À Varsovie, les manifestants ont allumé des fusées éclairantes, brandi des drapeaux arc-en-ciel (emblème de la communauté LGBT), ainsi que des pancartes avec les inscriptions "Cela signifie la guerre", "Libre choix" et "Non à la terreur". Après le siège du Tribunal constitutionnel, les marcheurs se sont ensuite dirigés vers celui du parti ultra-catholique Droit et Justice (PiS) au pouvoir. Le lendemain, jeudi, certains manifestants ont déversé de la peinture rouge devant le siège du Tribunal. La police a interpellé plusieurs personnes qui tentaient d'entrer dans le bâtiment.

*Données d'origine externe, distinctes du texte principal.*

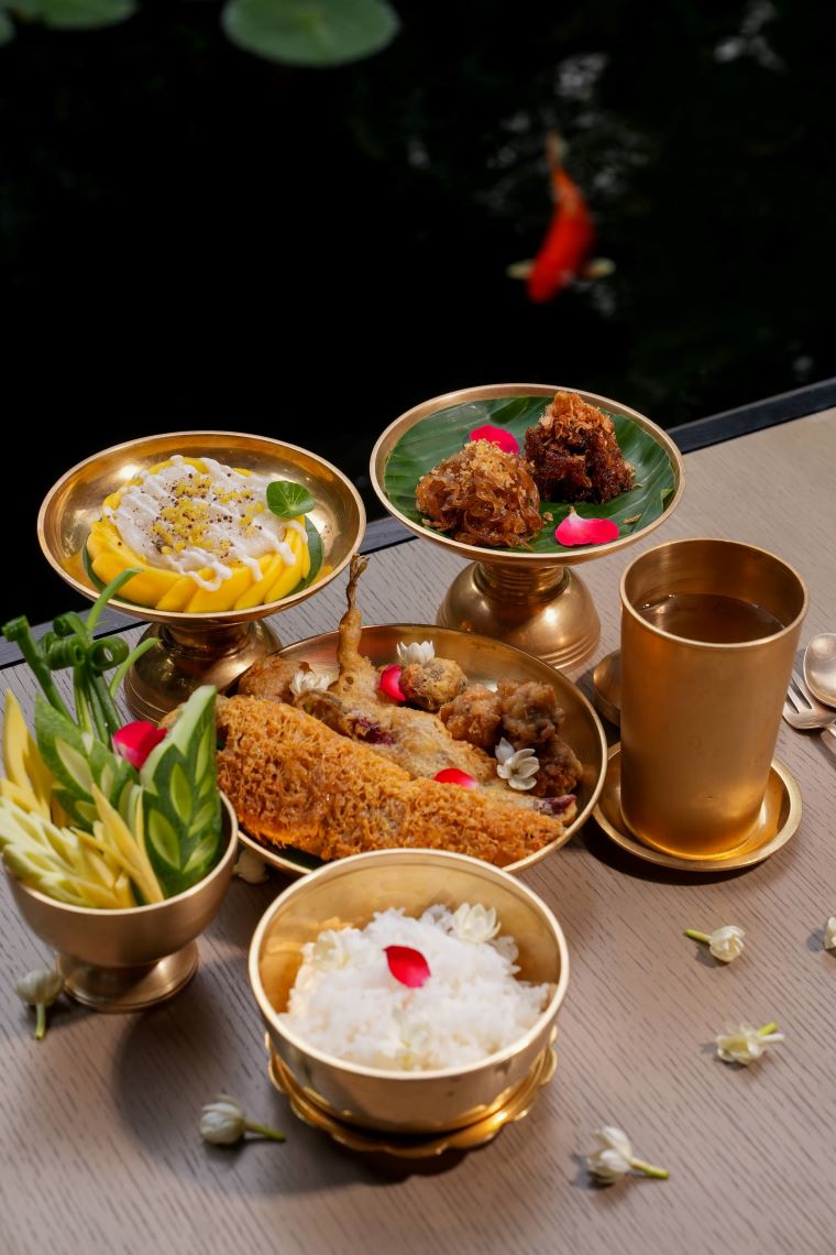 ชุดข้าวแช่ จิม ทอมป์สัน นำเสนอข้าวอบควันเทียนและน้ำลอยดอกมะลิ ใช้ข้าวออร์แกนิกจากฟาร์มไร่ทอง จ. เชียงราย นำไปนึ่งจนสุกพอดี พร้อมอบควันเทียนและดอกมะลิให้หอมฟุ้ง ข้าวแช่เสิร์ฟคู่กับชุดเครื่องเคียง 7 ชนิด ได้แก่ ลูกกะปิชุบไข่ทอด เนื้อปลาดุกย่างหอม ๆ ผัดกับกระชายและเครื่องเทศหลากชนิด คลุกเคล้ากะปิรสเลิศจากคลองโคน จ. สมุทรสงคราม หอมแดงยัดไส้ปลาช่อนผัดหวาน คัดหอมแดงโทนและคว้านเนื้อในออก ยัดไส้ปลาช่อนตากแห้งผัดหัวหอมสุกจนหวานหอม และนำไปชุบแป้งทอดเพื่อสร้างสัมผัสที่กรอบนอกละมุนใน ไชโป๊วผัดหวาน เลือกใช้ไชโป๊วจาก จ. ราชบุรี นำไปผัดกับกระเทียมและน้ำตาลทรายจนขึ้นเงา ปลายี่สนผัดหวาน ใช้ปลายี่สนจาก อ. ปราณบุรี ที่มีรสหวานตัดเค็มลงตัวและหอมกลิ่นหอมเจียว ลูกปลาเค็ม นำไก่ Free Range ผสมปลาอินทรีย์เค็มคลุกเคล้าให้เข้ากันแล้วนำไปชุบไข่ทอด พริกแห้งยัดไส้ปลาช่อน พริกแห้งผ่ายัดไส้เนื้อปลาช่อนผัดให้มีรสหวานแล้วนำไปชุบแป้งทอด พริกหนุ่มเขียวยัดไส้ คัดพริกหนุ่มขนาดพอดี ผ่ากลางและยัดไส้เนื้อกุ้งผสมไก่ ทอดแพไข่อย่างประณีต เพื่อสร้างสัมผัสที่กรอบฟูสวยงามน่ารับประทาน ชุดข้าวแช่ และสำรับเครื่องเคียง 7 ชนิด พร้อมตบท้ายมื้ออร่อยด้วยซิกเนเจอร์เมนูของจิม ทอมป์สันอย่าง ข้าวเหนียวมะม่วง คัดมะม่วงน้ำดอกไม้สุกหอมหวานและข้าวเหนียวมูนสูตรลับเฉพาะของจิม ทอมป์สัน

Le texte controversé a finalement bien été publié tard mercredi soir sur le site internet du Journal officiel. 

Plusieurs manifestant ont brandi des pancartes et portaient des masques ornés d'un éclair rouge, symbole des militants pro-avortement.

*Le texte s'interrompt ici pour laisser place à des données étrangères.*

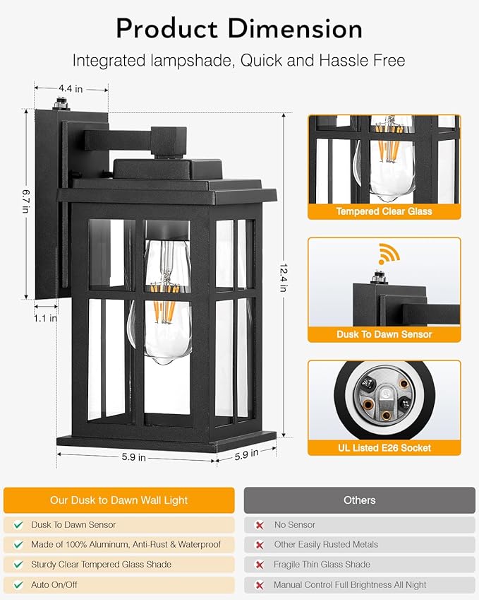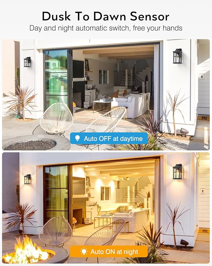 - đăAdvanced Dusk to Dawn SensorăExperience the smart functionality of our porch lights outdoor wall lights, thanks to its advanced dusk to dawn sensor. Equipped with a high sensitivity photocell sensor, these dusk to dawn led outdoor light intelligently turn on at dusk and turn off at dawn, based on the surrounding brightness. Free yourself from the hassle of manual operation and enjoy energy savings, bringing you unparalleled convenience in your day-to-day life.
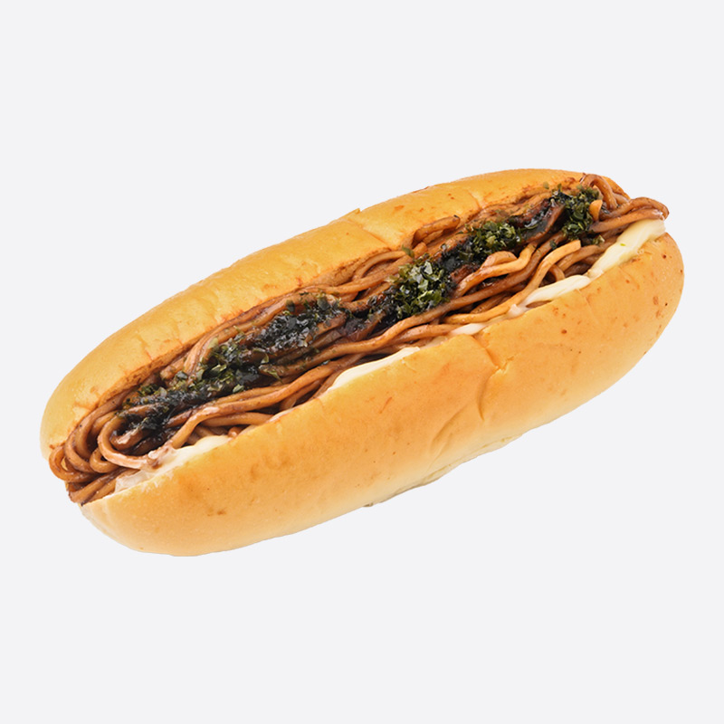 ファミリーマート限定「日清焼そばU.F.O.」コラボ商品。「日清焼そばU.F.O.」の味わいをイメージした濃厚ソースを使用し、さらに特製ソースを焼そばの上に後がけして、濃厚な焼そばパンに仕上げました。

Plusieurs manifestant ont brandi des pancartes et portaient des masques ornés d'un éclair rouge, symbole des militants pro-avortement. © AFP / BEATA ZAWRZEL / NURPHOTO / NURPHOTO VIA AFP

Après les manifestations de mercredi et jeudi, plusieurs milliers de personnes sont de nouveau descendues vendredi soir dans les rues de Varsovie pour crier leur colère. Des rassemblements similaires ont également eu lieu dans d'autres villes de Pologne. En plus des éclairs rouges, certaines portaient des foulards verts autour du cou, symbole des militants des droits à l'avortement en Argentine qui ont réussi à obtenir la légalisation de l'avortement dans leur pays le mois dernier.

A Varsovie, la manifestation a abouti, sans incidents majeurs, devant la maison de Jaroslaw Kaczynski, le chef du parti Droit et Justice (PiS) au pouvoir, protégée par un dispositif imposant de la police.

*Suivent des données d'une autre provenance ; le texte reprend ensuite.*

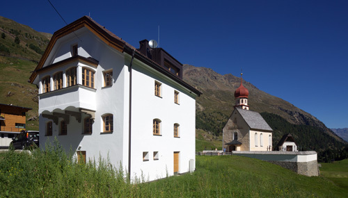 Das zur Gemeinde Sölden im Ötztal gehörende kleine Dorf Vent liegt auf ca. 1.900 m Höhe am Ende eines Tals. Wie im gesamten Ötztal spielt auch hier der Tourismus eine nicht unwesentliche Rolle und prägt durch die damit im Zusammenhang stehenden Bauten das Ortsbild. In diesem Zusammenhang erscheint es um so wichtiger, dass mit der Entscheidung gegen den Abriss und für die Sanierung des historischen Widums ein Stück ursprüngliche Authenzität erhalten und revitalisiert werden konnte.Wesentliches Ziel bei der Sanierung des mitten im Dorf gelegenen Gebäudes war es, dessen ursprünglichen Charakter wiederherzustellen. In respektvollem Umgang mit dem Bestand wurde das Widum entsprechend schlicht und mit viel Sensibilität restauriert. Dabei wurden die das Gebäude prägenden Materialien Holz sowie weiß verputztes Mauerwerk weiterverwendet und ergänzt um raumabschließende Bauteile aus Metall und Glas.

A Varsovie, la manifestation a abouti, sans incidents majeurs, devant la maison de Jaroslaw Kaczynski, le chef du parti Droit et Justice (PiS) au pouvoir, protégée par un dispositif imposant de la police. © AFP / FRANCOIS DEVOS / HANS LUCAS / HANS LUCAS VIA AFP

Les manifestations ont été suspendues ce week-end afin de ne pas interférer avec l'organisation du téléthon annuel polonais. Le gouvernement a quant à lui affirmé que la nouvelle interdiction mettra fin aux "avortements eugéniques", en référence à l'avortement de fœtus diagnostiqués avec une trisomie 21. Mais pour de nombreuses organisations de défense des droits de l'Homme, cette mesure forcera les femmes à mener des grossesses non viables. La Pologne, pays majoritairement catholique, a l'une des lois les plus restrictives en matière d'avortement en Europe. Selon les données officielles, aujourd'hui en Pologne, il y a moins de 2 000 avortements légaux par an. Par ailleurs, les organisations féministes estiment qu'environ 200 000 IVG sont réalisées illégalement ou à l'étranger chaque année.